Я молча улыбнулся, сделал затяжку папиросой и протянул её Юре.

– Откуда? – спросил он.

– Ис-сыкульский. – ответил я и выдохнул дым.

– Где взял?

– Знакомые привезли из Киргизии. Музыканты.

– Они все пидоры, – сказал Юра и протянул свою руку-лопату за папиросой. И тут же добавил – Чё так мало?!

– Кури, мало будет, через бутылку догонишься. – буркнул я.

– Это как? – спросил Юра и затянулся на пол папиросы.

– Увидишь… Как батя твой? Лупит тебя, дурака, по башке дохлой кошкой по-прежнему, что бы не тормозил? – подколол его я.

– Постарел, – ответил он, не обращая внимания на мой прикол.

– Хату снял для меня? – Спросил он и выпустил дым, закашлялся и выдавил из себя, – Злой «ганжибас».

– Не хуже Чуйского, или Афганского, – сказал я.

– Да ладно гнать, Чуйский – это Чуйский! – затянулся Юра, папироса кончилась.

– Не бздишь? -прозвучал мой вопрос.

– В смысле? -ответил Юра, глаза его забегали и тут же остановились.
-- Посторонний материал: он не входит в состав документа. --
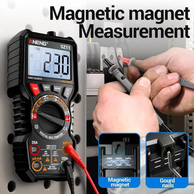6000 Counts & Magnetic Adsorption: High-resolution 6000 counts for accurate readings; strong magnetic adsorption attaches securely to metal surfaces, enabling safe, hands-free measurements at any angle.

– Я про завтрашнюю встречу – сказал я и достал вторую папиросу.

– Есть немного, – и тут же добавил – Не боятся только дебилы и психи. А чё такой косяк маленький? Слышь, ты его по себе забивал? Сам огрызок и «штакет»* такой же.

Я ухмыльнулся и ответил:

– Такую лошадь как ты, не прокормишь и не обкуришь. Гашиш для удовольствия, а не для коматозного ступора, к которому ты всё время стремишься. – отпарировал я.

–Слышь, Поводырь, как завтра всё пройдёт? А? Вдруг отомстить приехал «Ганс»? -занервничал мой дружок.

– Всё будет в ёлочку, место наше и своих парней я подтянул на завтра. Успокойся. – похлопал я его по колену.

*****

Попал Юра в эту историю без меня, что противоречило нашим дружеским отношениям. Обычно гадость, какую-ни-какую, придумывал я, а исполнял, задуманное мною, он. Мы тогда были в Боснии как инженеры-электрики и помогали христианам против мусульман. Я ушёл с «серыми волками» на мост, а «Большой» остался один, без меня, вот и влип в историю. В диверсионную группу потребовался снайпер, так как – их подорвался на мине. И мне предложил наш советник сходить на мост вместо выбывшего. Юру не взяли вместе со мной, очень большой, да и за чем второй пулемётчик. Юра бузил и настаивал на том, что мы всегда вместе и дополняем друг друга, что я без него пропаду. Но всё было тщетно. Чтобы он не доставал всех, его тут же направили на передовую, выдав ему пулемёт и проводника. Уходя, он долго держал меня за руку и напоследок обнял меня и сказал:

–Ты, это, возвращайся давай, живой, а то чё я тут без тебя буду делать.

Он побаивался оставаться один, ведь привык, что я всегда рядом. Я думал, принимал решение, а он исполнял. Сейчас же он уходил без меня с проводником, с незнакомым ему человеком, да ещё не говорящим на русском. Мы ушли на следующий день, в тыл к хорватам-мусульманам, к стратегическому мосту за 130 километров. Нас могли перебросить на «вертушке», но командир отказался, мы ушли пешком через линию фронта. В этом был свой резон. Ведь вертушку могли сбить или засечь, где нас высадили. Вернулись мы через две недели и тогда я узнал, как Большой отличился.

Уходя, Большой с тоской посмотрел на меня и вздохнул, затем повернулся к проводнику – боснийскому сербу и спросил:

– По-русски шпрехаешь, бестолочь? – Серб не ответил. Юра добавил с раздражением – Хоть «му» скажи, нерусь. – Серб что-то сказал на своём языке.

– А я думал тебе мусульмане язык отрезали, а оказывается нет. – сказал Юра и тут же добавил – Дорогу знаешь? Не заблудимся?

Неожиданно проводник ответил на русском с небольшим акцентом:

– Я не бестолочь. Фронт там, семь километров. – И показал рукой в сторону видневшейся на горизонте горы.

Юра радостно закричал:

– Поводырь! Он по-нашему лопочет. – Обняв серба за шею правой рукой, а левой ладошкой слегка стукнул по каске и спросил, – Где по-нашему говорить научился?

–В Москве учился, в ветеринарной академии. – ответил проводник и попытался вырваться из объятий Юры.

– Да ладно тебе, не вертухайся -сказал Большой и добавил – Значит, ты моего корефана землячок. Ну пошли, Братушка, пошли, а то скоро стемнеет.